▶ Source material:
^^^^^^^^^^^^^^^^

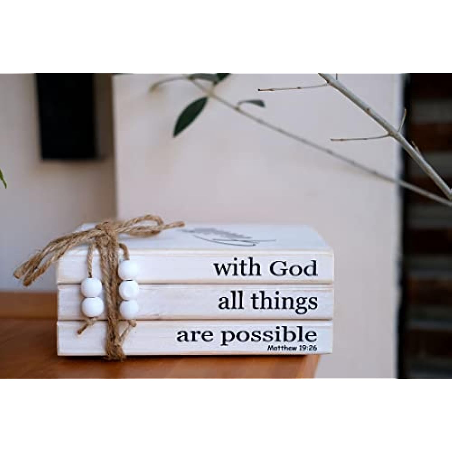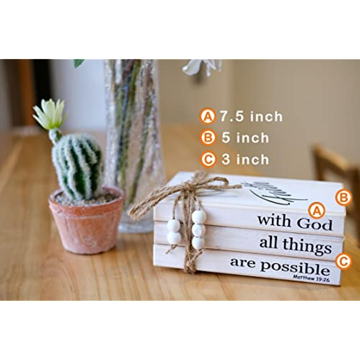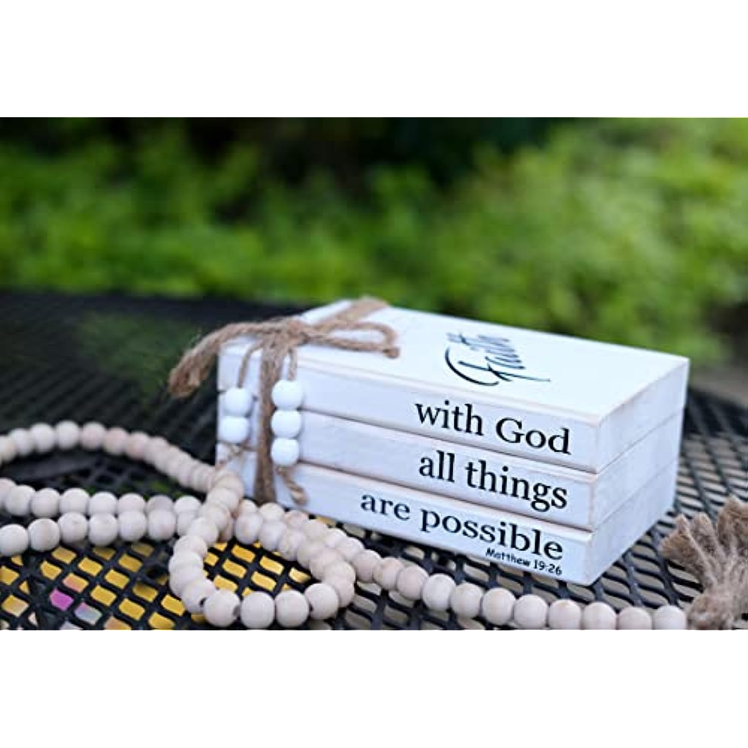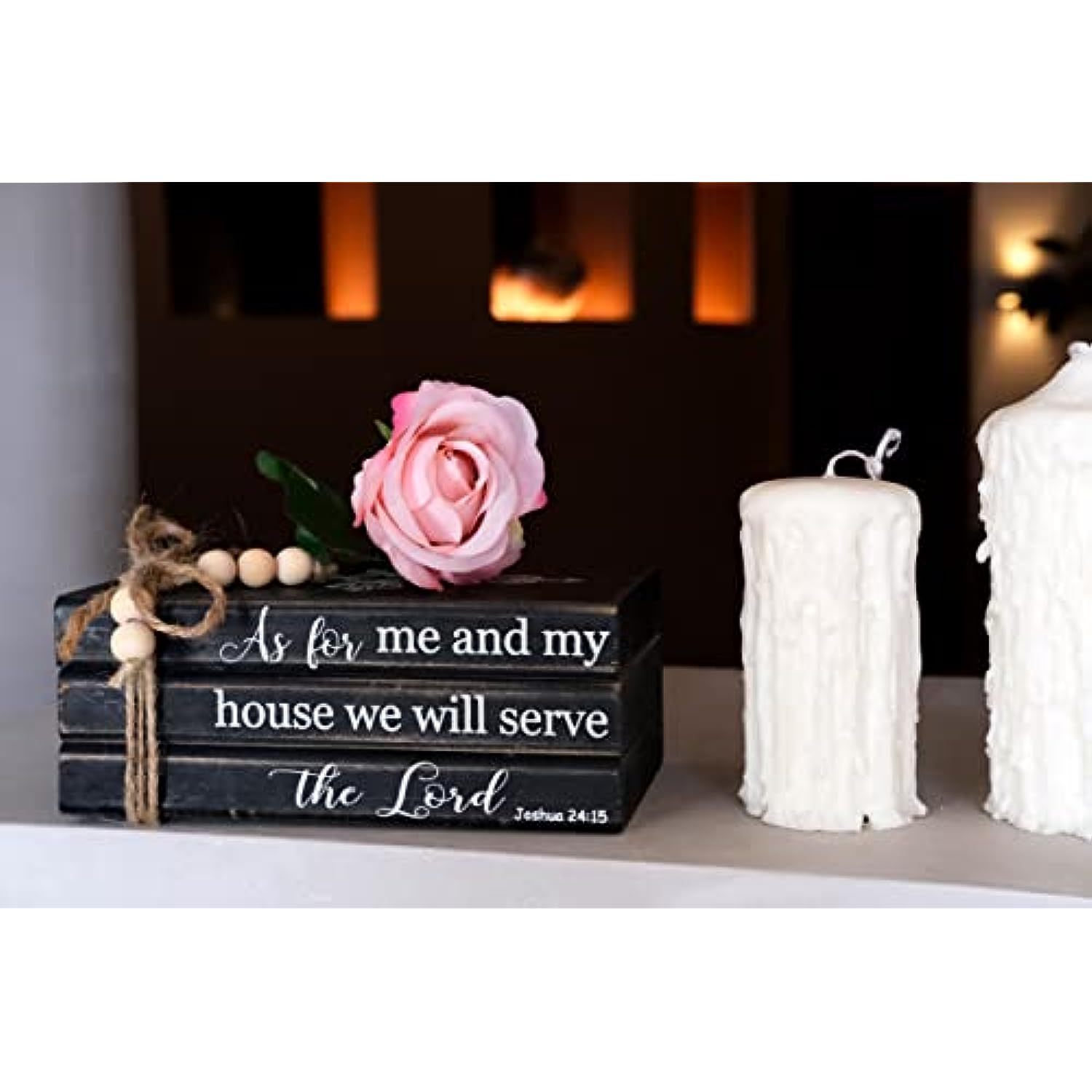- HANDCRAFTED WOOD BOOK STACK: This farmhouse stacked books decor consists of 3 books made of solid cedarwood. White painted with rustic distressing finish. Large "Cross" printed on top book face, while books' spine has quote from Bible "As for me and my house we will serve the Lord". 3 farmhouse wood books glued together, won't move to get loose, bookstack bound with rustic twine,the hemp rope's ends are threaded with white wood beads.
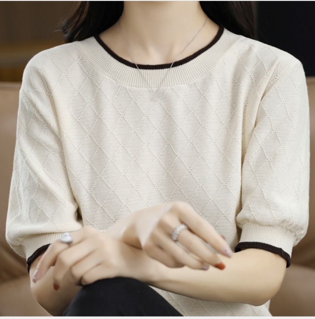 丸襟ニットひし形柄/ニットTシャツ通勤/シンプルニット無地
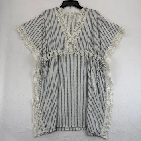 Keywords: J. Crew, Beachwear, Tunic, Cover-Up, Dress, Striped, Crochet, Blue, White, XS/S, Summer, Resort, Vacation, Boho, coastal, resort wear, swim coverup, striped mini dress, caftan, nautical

^^^^^^^^^^^^^^^^

▶ Problem statement: Give back all of the material exactly, though without the images it contains.

▶ Task response:
- HANDCRAFTED WOOD BOOK STACK: This farmhouse stacked books decor consists of 3 books made of solid cedarwood. White painted with rustic distressing finish. Large "Cross" printed on top book face, while books' spine has quote from Bible "As for me and my house we will serve the Lord". 3 farmhouse wood books glued together, won't move to get loose, bookstack bound with rustic twine,the hemp rope's ends are threaded with white wood beads.
 丸襟ニットひし形柄/ニットTシャツ通勤/シンプルニット無地
 Keywords: J. Crew, Beachwear, Tunic, Cover-Up, Dress, Striped, Crochet, Blue, White, XS/S, Summer, Resort, Vacation, Boho, coastal, resort wear, swim coverup, striped mini dress, caftan, nautical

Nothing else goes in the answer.